I've been thinking a lot about expectations this week.
A number of years ago, when I was visiting my brother, he criticized me for not doing something that he expected me to do. It was a frustrating talk because he wasn't at all willing to hear my perspective. But what bothered me the most about it was when I said "you can just ask" and he said "I shouldn't have to".
I was doing everything culturally expected of a good guest, I didn't even know what his extra expectations were, and yet he felt entitled to be mad at me for not automatically knowing them, and not living up to them.
It can be so easy for us to let our expectations get ahead of us, to make assumptions based on our own perspectives, and to then feel let down.
And I feel like I'm seeing a lot of this kind of thing in people's experience with media these days. There seems to be a clash happening between expectations and reality. And people feeling genuinely upset when the reality is not what they wanted.
I'm seeing a lot of complaints and "critiques" that seem to fall in to the category of "this is not how I personally want this to go" or "this doesn't resonate with my personal experience".
To be clear, I'm not saying this in a pointing fingers kind of way, because I have 100% done it myself.
When the trailer for Cutie Pie first came out, I got so excited imagining Kuea as some bad boy living a double life. He was going to be so hard to tame, he was going to put Lian through the wringer, and it was going to be amazing.

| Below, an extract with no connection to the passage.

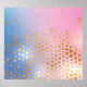 Gold texture on a gradient background. Gold honeycomb with place for text. Wedding gold background red with blue. Abstract gold line art, textures for covers, invitations. Vintage illustration.

What I got was something very different from what I expected, and I struggled with the show.
But it was a really valuable learning moment for me. Because everything in the trailer was in the series. It was my interpretation of it, of those few minutes out of hours of material, my assumptions about the moments not yet shown, that caused me frustration.
That was a turning point in my "let's see where the journey takes us" philosophy. And I have to say, engaging in QL has been a hell of a lot more fun since I learned to let go of what I thought should happen.
I still have critiques of shows, of course I do. Nothing is above criticism. But I don't get so personally affronted now when something doesn't do what I expect. I'm more willing to see where the destination takes us before I decide the journey isn't working.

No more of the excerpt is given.